Si amano, si tradiscono, litigano, si feriscono, si allontano, tornano insieme. Si sposano e poi ricominciano tutto daccapo. Nel 1932 mentre erano a Detroit lei subisce un aborto spontaneo e devono portarla in ospedale per porre rimedio all’inevitabile.

Lei disse al medico “Mi sono interrotta in un battito di ciglia” e poi riversò quell’immenso dolore in un quadro Henry Ford Hospital

Per tirar fuori tutto quel dolore chiese ai medici di mostrarle il feto del bambino per poterlo dipingere. Non le fu concesso, ma ogni fibra del suo corpo ricordava perfettamente quel momento e lo dipinse con una tale forza da rimanere impresso negli occhi di chiunque in seguito l’abbia guardato.

Lei su un letto, nuda, il sangue a macchiare le lenzuola, fili rossi come cordoni ombelicali partono da lei per raggiungere i sei simboli di quel trauma, una lumaca simbolo della lentezza dell’aborto, un feto maschio, una riproduzione della zona pelvica simbolo di quella parte del suo corpo danneggiata per sempre, che non era stata in grado di trattenere e proteggere suo figlio, una macchina, una orchidea dono di Diego e un osso pelvico. 

Frida traduceva visivamente i suoi ricordi, le sue emozioni e arricchiva ogni suo quadro con dettagli carichi di un simbolismo nascosto.

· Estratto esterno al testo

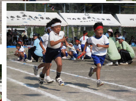
走れ！つなげ！！ 「紅白リレー」
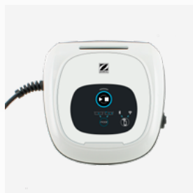
Unidad de control
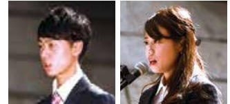
経営情報学部(左)、グローバルスタディーズ学部(右)の新入生代表
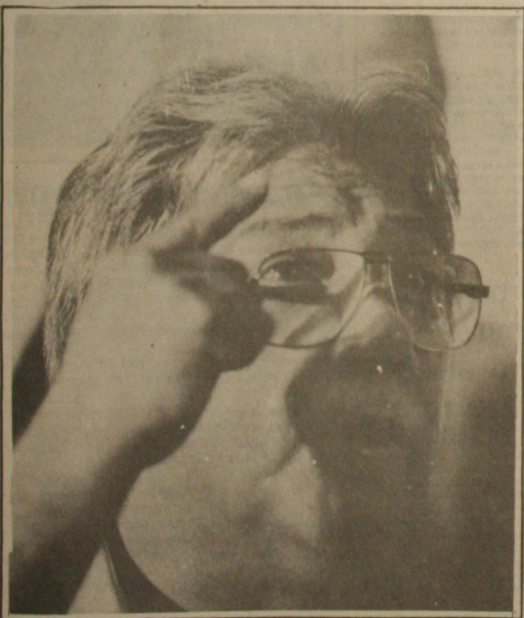
Covas: "o Brasil precisa de um Governo..."

O candidato do PSB à Presidência da República, senador Mário Covas, condenou, ontem, a violência na campanha eleitoral, afirmando que, depois de 30 anos sem eleições, a disputa pela presidência da República não pode ser transformada numa "batalha campal". Covas diz que não utiliza os serviços de segurança oferecido pela Polícia Federal aos candidatos porque "quem não pode andar nas ruas para ouvir as verdades que o povo tem a dizer, não deveria sequer ser candidato".
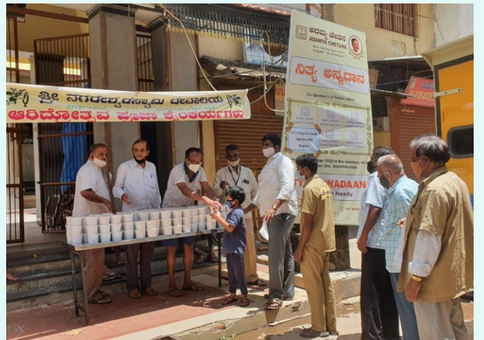
ನಗರ್‌ಪೇಟೆಯಲ್ಲಿ ನಿತ್ಯ ಅನ್ನದಾನದ ಪ್ರಾರಂಭ
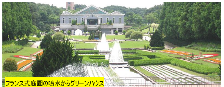
フランス式庭園の噴水からグリーンハウス

相模原公園内は①フランス式庭園②サカタのタネ「グリーンハウス」が主な見所でしょう。フランス式庭園は噴水と季節の花壇です。グリーンハウス内は温室もあり、熱帯植物や緑と花の楽園となっています。
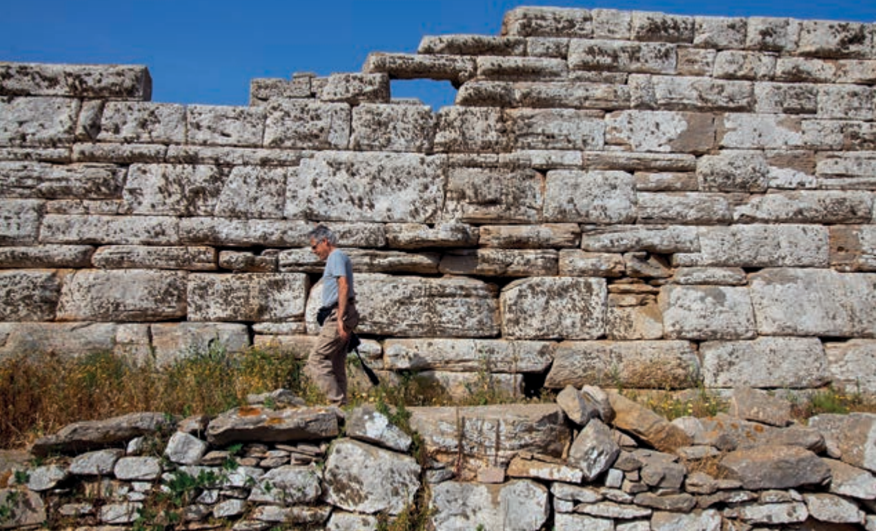
Η νοτιοανατολική πλευρά του πύργου. Εσωτερικό θύρωμα του πύργου.
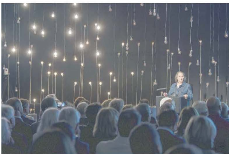
Sabato si è celebrato il 29° Dies academicus.
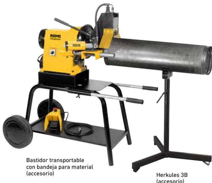
Bastidor transportable con bandeja para material (accesorio)
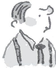
NA DE BEHANDELING

Nu keek hij naar een magisch flesje. Een wonder-middel dat hem beroemd kon maken. Misschien kreeg hij er wel de Nobelprijs voor.
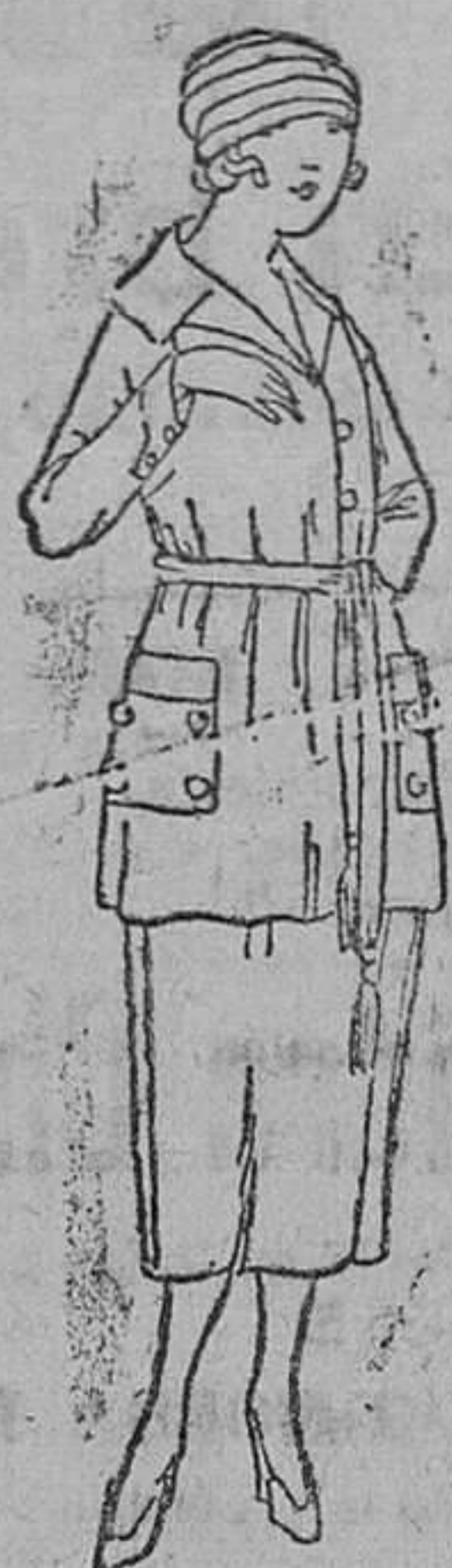
Vestidos de levita y falda, en lana, á 45, 50, 60, 70 y 80 pts.
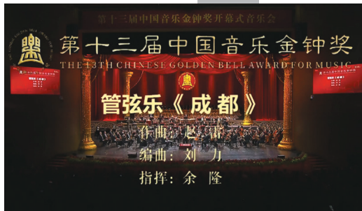
中国爱乐乐团演奏《成都》
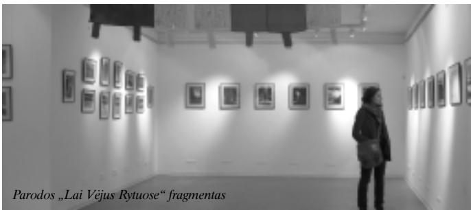
Parodos „Lai Vėjus Rytuose“ fragmentas

30 d. Dizaino katedroje studentai dalijasi įspūdžiais iš tarptautinės parodos Salone Satellite WorldWide Moscow 2008
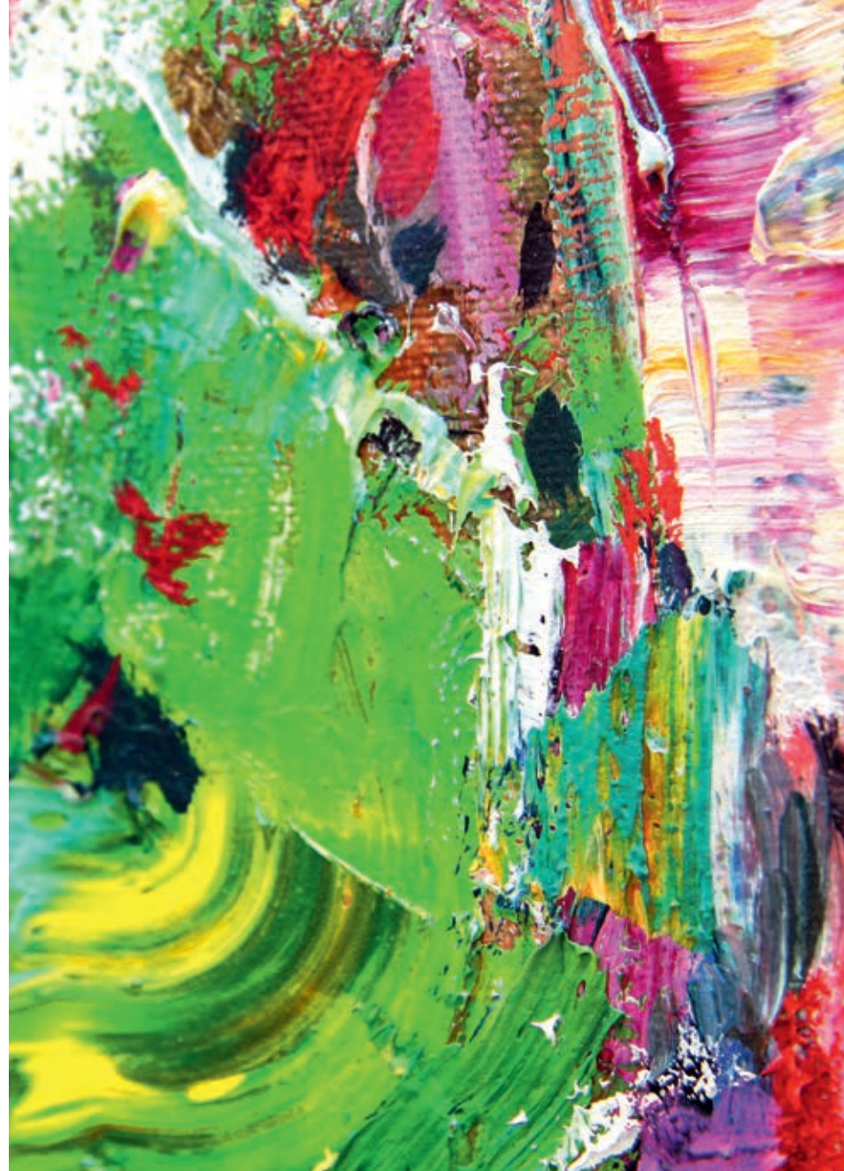
Treesdale 100 x 100 cm
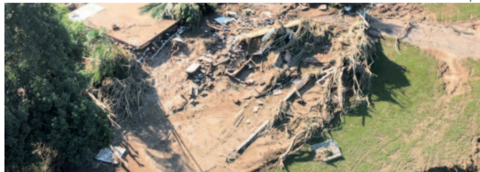
Destrução do Camping da Pedra soma prejuízo de R$ 2 milhões
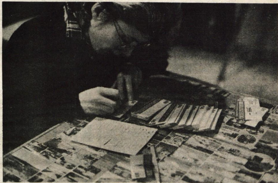
Novi časi, novi običaji, bi lahko rekli za prve dni novega leta. V trgovinah so se pojavile cene v novih konvertibilnih dinarjih, ki so zmedle potrošnike. V bankah so ljudje prvega dne še zamažali na nov denar, z legalno menjavo deviz so sramežljivo začeli popoldne. Naftni monopolist Petrol je z novim letom ukinitel poslovanje s čeki. V trgovinah se vrste inventure, kjer novim cenam ne odpisujejo le ničel, pač pa jim doračunavajo tudi novi davek za JLA.
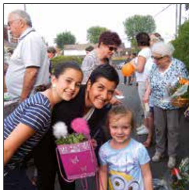
B Rue de Tournai
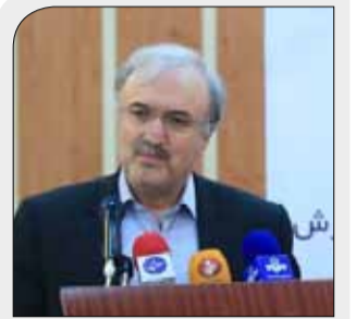
سرپرست وزارت بهداشت:
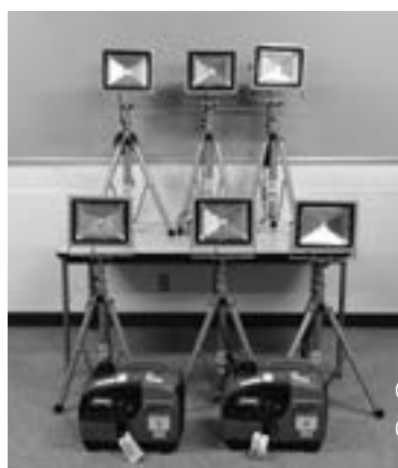
●発電機 2台 ●投光機 6台

Chi colpevolmente non la conosce, di lei ricorda solo le sopracciglia unite, che non erano un retaggio di inizio secolo, ma le volle e dipinse così perché le ricordavano le ali di un uccello. Poteva finalmente sentirsi libera. Volare sopra tutti i suoi dolori.

Amava i fiori e i colori della cultura messicana e li dipingeva sempre in ogni dove “per non farli morire”.

Nulla ha mai fermato la sua sete di vita e anche quando ormai il dolore era diventato insopportabile e il deterioramento delle sue condizioni prossimo alla fine, dipinse un ultimo quadro, un inno alla vita. Una tavola piena di angurie sulle quali scrisse “Viva la vida”.